### WHAT IS NEEDED
Retype only what runs from the beginning of the data through the line with "Battery type:Lithuum Ion"; please omit the pictures and keep every line exact.

(Collected data entries)
# # #
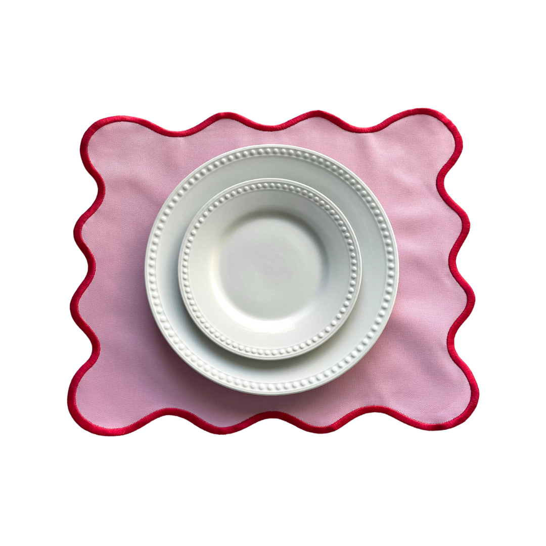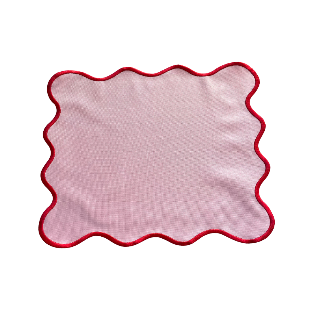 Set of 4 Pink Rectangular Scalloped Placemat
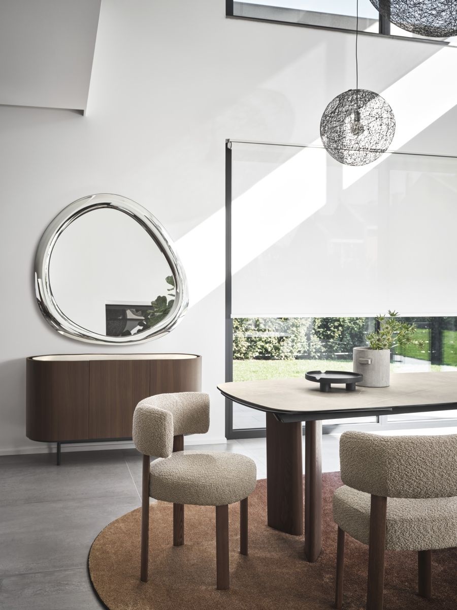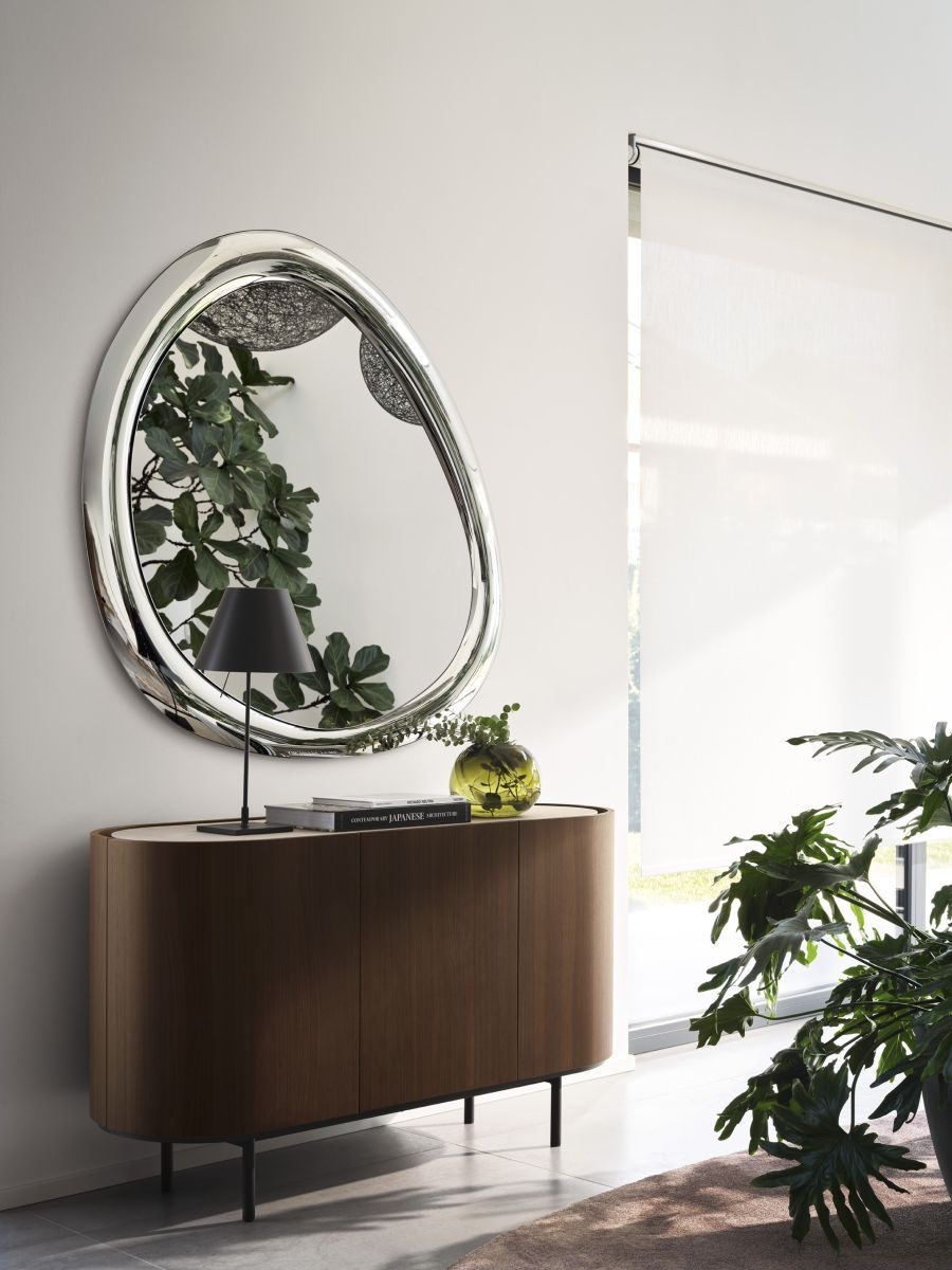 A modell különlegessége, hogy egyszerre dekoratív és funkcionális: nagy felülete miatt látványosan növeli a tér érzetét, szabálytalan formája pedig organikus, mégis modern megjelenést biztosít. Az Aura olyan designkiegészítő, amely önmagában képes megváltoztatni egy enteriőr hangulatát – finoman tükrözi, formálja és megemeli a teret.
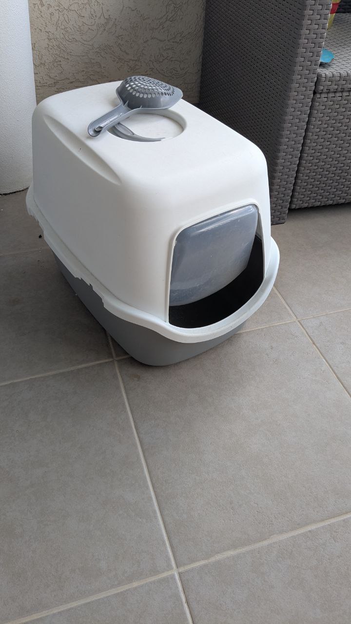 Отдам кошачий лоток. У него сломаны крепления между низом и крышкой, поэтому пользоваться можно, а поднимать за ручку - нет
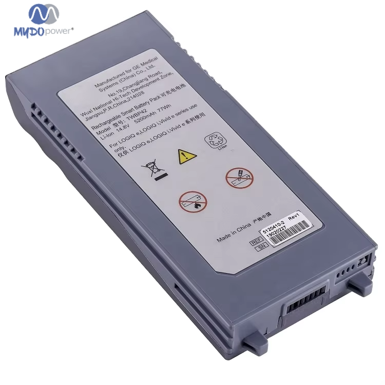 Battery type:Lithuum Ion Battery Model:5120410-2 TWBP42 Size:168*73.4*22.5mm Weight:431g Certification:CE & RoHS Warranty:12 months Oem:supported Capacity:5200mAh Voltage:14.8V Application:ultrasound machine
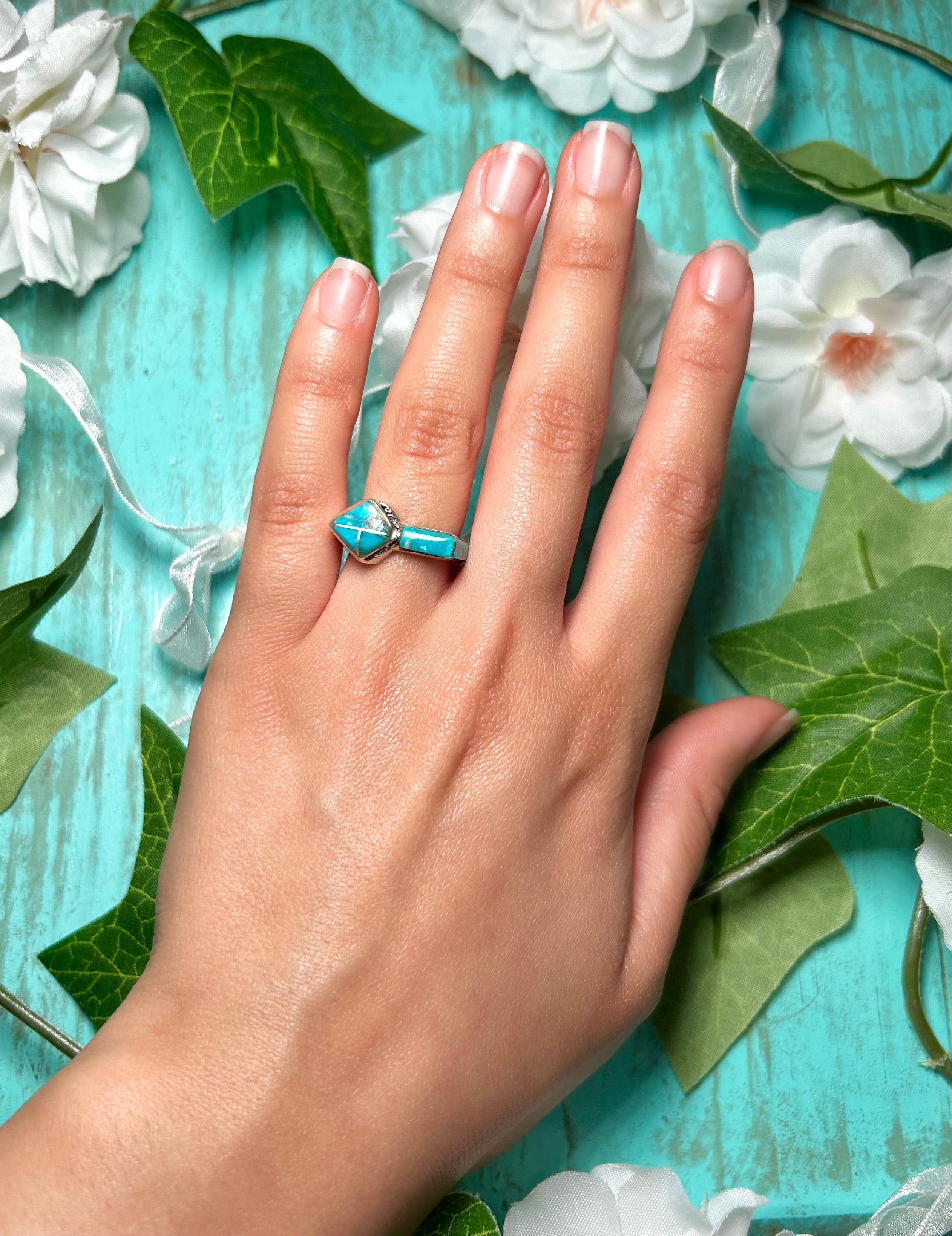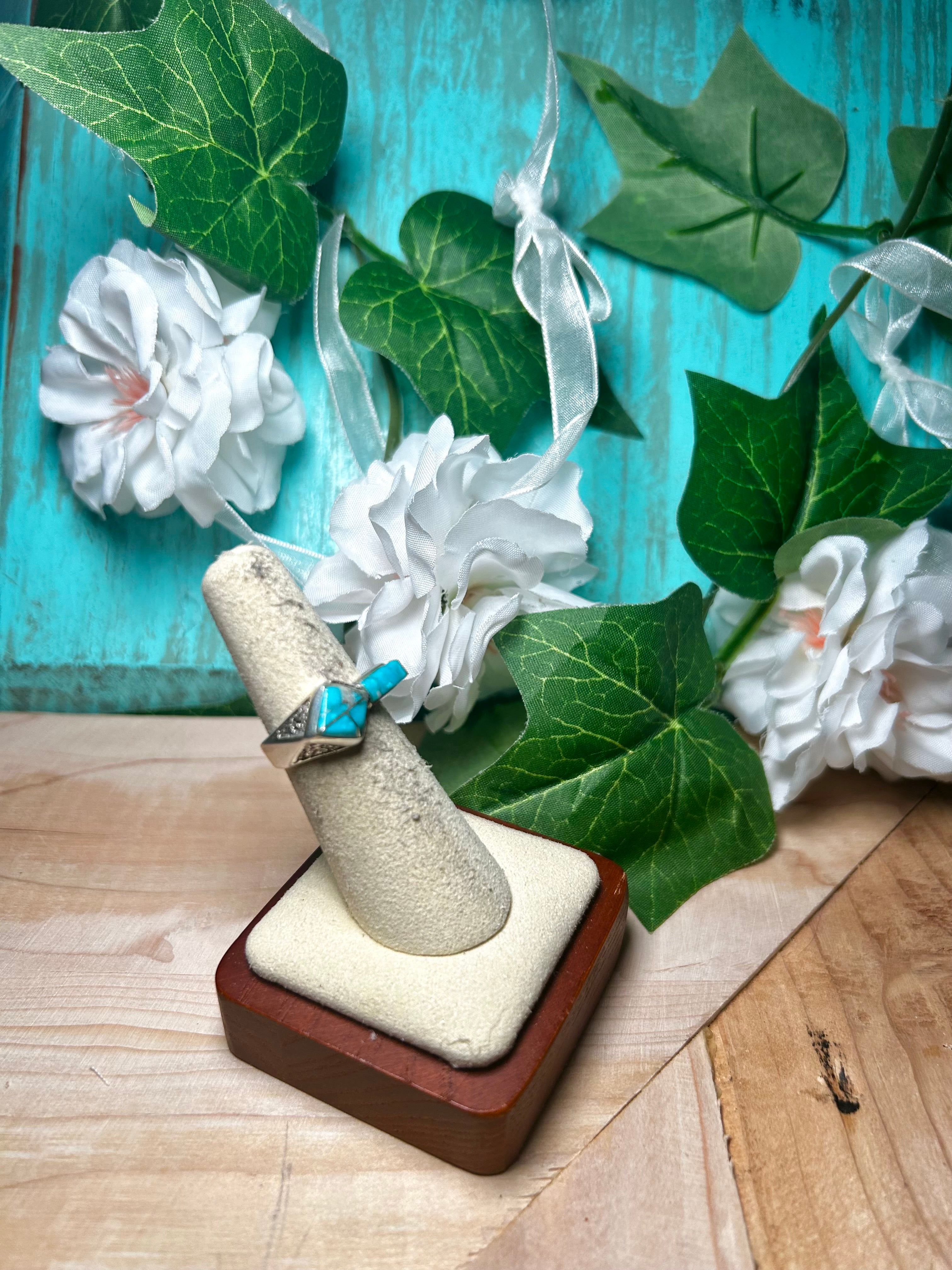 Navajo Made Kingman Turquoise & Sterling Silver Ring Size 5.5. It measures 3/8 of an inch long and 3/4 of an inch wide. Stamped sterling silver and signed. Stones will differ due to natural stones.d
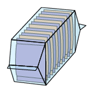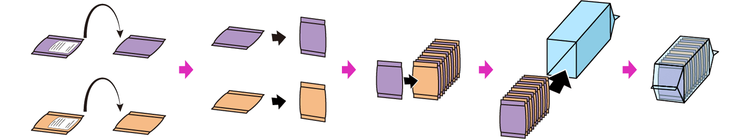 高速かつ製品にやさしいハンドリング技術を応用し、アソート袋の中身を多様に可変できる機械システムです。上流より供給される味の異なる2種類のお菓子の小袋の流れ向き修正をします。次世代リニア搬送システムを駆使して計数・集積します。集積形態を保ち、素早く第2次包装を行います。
# # #
### RESULT OF THIS EXERCISE
 Set of 4 Pink Rectangular Scalloped Placemat
 A modell különlegessége, hogy egyszerre dekoratív és funkcionális: nagy felülete miatt látványosan növeli a tér érzetét, szabálytalan formája pedig organikus, mégis modern megjelenést biztosít. Az Aura olyan designkiegészítő, amely önmagában képes megváltoztatni egy enteriőr hangulatát – finoman tükrözi, formálja és megemeli a teret.
 Отдам кошачий лоток. У него сломаны крепления между низом и крышкой, поэтому пользоваться можно, а поднимать за ручку - нет
 Battery type:Lithuum Ion Battery Model:5120410-2 TWBP42 Size:168*73.4*22.5mm Weight:431g Certification:CE & RoHS Warranty:12 months Oem:supported Capacity:5200mAh Voltage:14.8V Application:ultrasound machine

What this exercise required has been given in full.